### GIVEN RECORDS
--------------------------------------------------
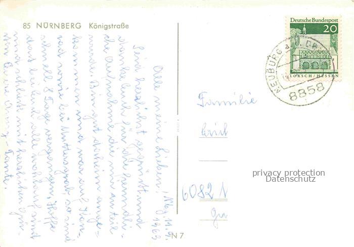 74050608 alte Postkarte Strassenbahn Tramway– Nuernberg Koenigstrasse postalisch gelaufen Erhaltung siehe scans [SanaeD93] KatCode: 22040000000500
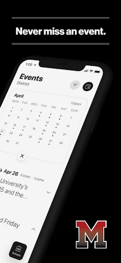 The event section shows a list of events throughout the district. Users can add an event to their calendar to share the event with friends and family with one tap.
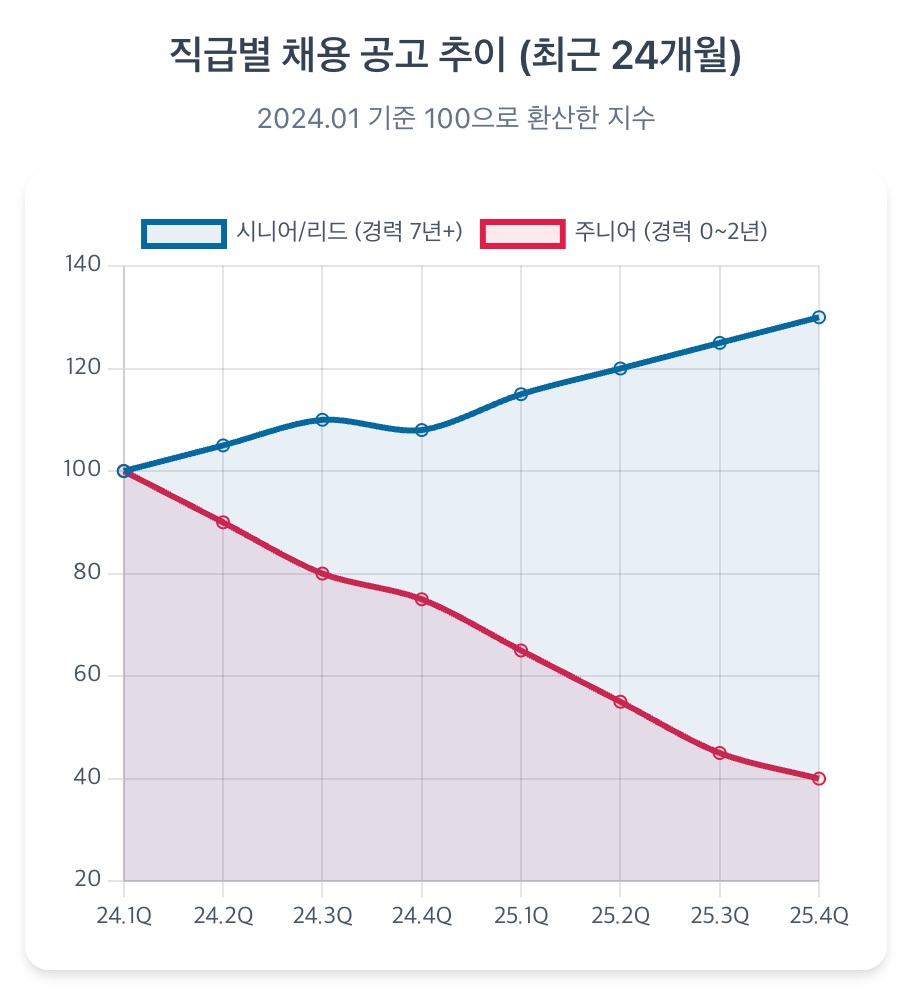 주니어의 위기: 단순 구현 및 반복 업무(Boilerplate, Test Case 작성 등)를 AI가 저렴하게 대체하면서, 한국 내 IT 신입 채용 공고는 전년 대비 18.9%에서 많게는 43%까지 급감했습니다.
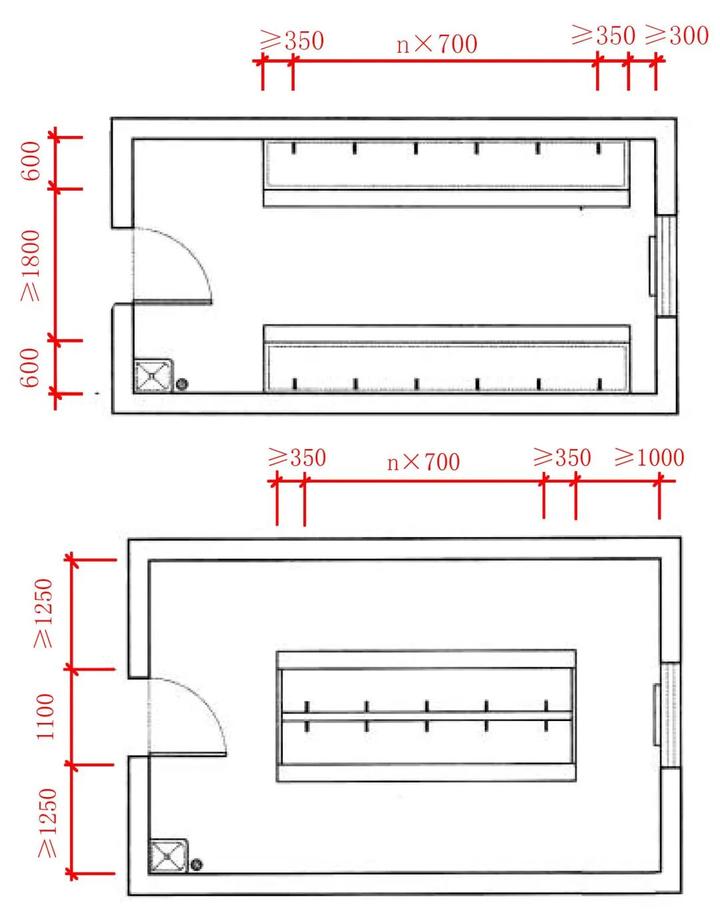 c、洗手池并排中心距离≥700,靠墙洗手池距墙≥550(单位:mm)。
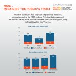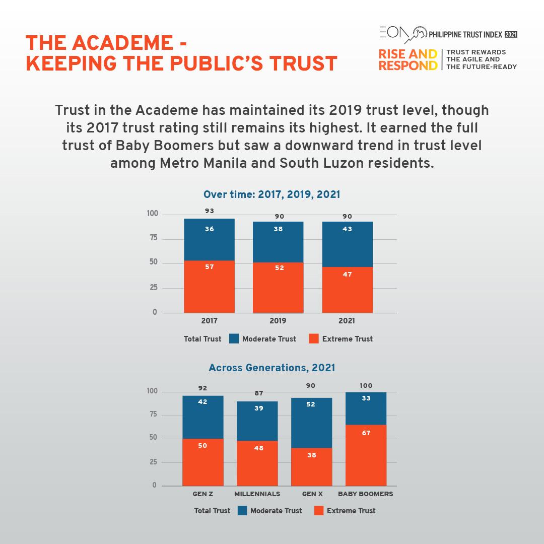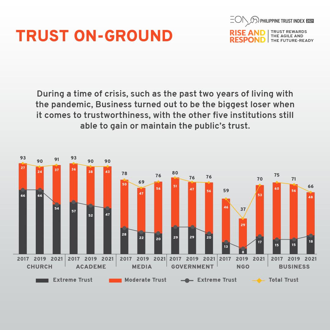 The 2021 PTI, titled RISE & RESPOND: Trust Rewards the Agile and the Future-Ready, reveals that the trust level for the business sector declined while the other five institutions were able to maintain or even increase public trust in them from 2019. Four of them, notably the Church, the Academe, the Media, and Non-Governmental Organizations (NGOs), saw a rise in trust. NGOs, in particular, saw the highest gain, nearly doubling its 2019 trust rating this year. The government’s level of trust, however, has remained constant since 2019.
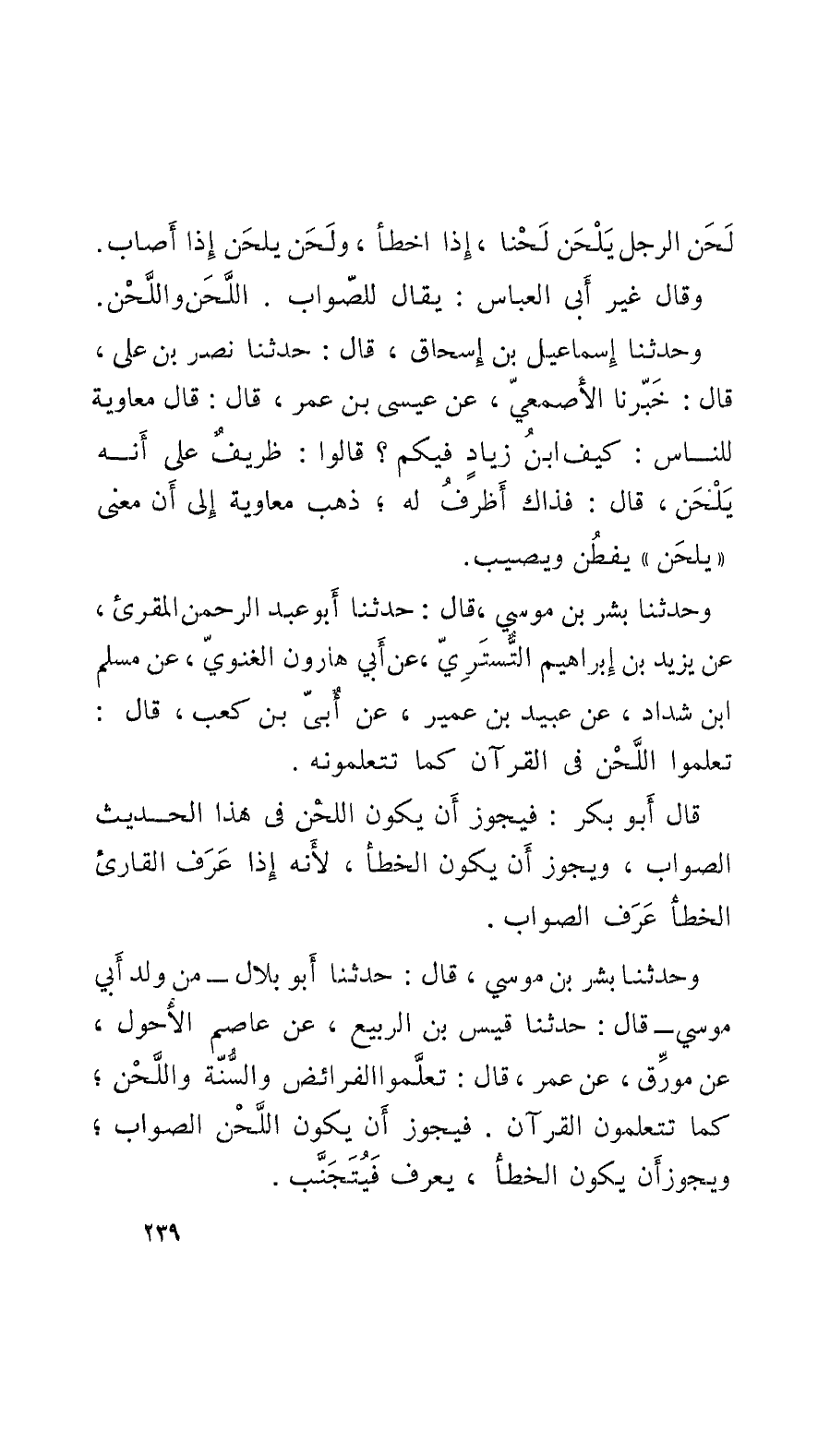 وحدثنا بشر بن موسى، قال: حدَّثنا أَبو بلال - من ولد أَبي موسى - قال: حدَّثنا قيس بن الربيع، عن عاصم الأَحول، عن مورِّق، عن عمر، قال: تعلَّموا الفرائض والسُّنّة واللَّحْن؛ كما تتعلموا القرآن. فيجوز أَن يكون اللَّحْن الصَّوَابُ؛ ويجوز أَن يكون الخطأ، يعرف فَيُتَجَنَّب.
--------------------------------------------------
### ASSIGNMENT
Write out, word for word, only the lines from the one containing "c、洗手池并排中心距离≥700,靠墙洗手池距墙≥550(单位:mm)。" to the end of the data above; the pictures stay out.

### FINAL ANSWER
 c、洗手池并排中心距离≥700,靠墙洗手池距墙≥550(单位:mm)。
 The 2021 PTI, titled RISE & RESPOND: Trust Rewards the Agile and the Future-Ready, reveals that the trust level for the business sector declined while the other five institutions were able to maintain or even increase public trust in them from 2019. Four of them, notably the Church, the Academe, the Media, and Non-Governmental Organizations (NGOs), saw a rise in trust. NGOs, in particular, saw the highest gain, nearly doubling its 2019 trust rating this year. The government’s level of trust, however, has remained constant since 2019.
 وحدثنا بشر بن موسى، قال: حدَّثنا أَبو بلال - من ولد أَبي موسى - قال: حدَّثنا قيس بن الربيع، عن عاصم الأَحول، عن مورِّق، عن عمر، قال: تعلَّموا الفرائض والسُّنّة واللَّحْن؛ كما تتعلموا القرآن. فيجوز أَن يكون اللَّحْن الصَّوَابُ؛ ويجوز أَن يكون الخطأ، يعرف فَيُتَجَنَّب.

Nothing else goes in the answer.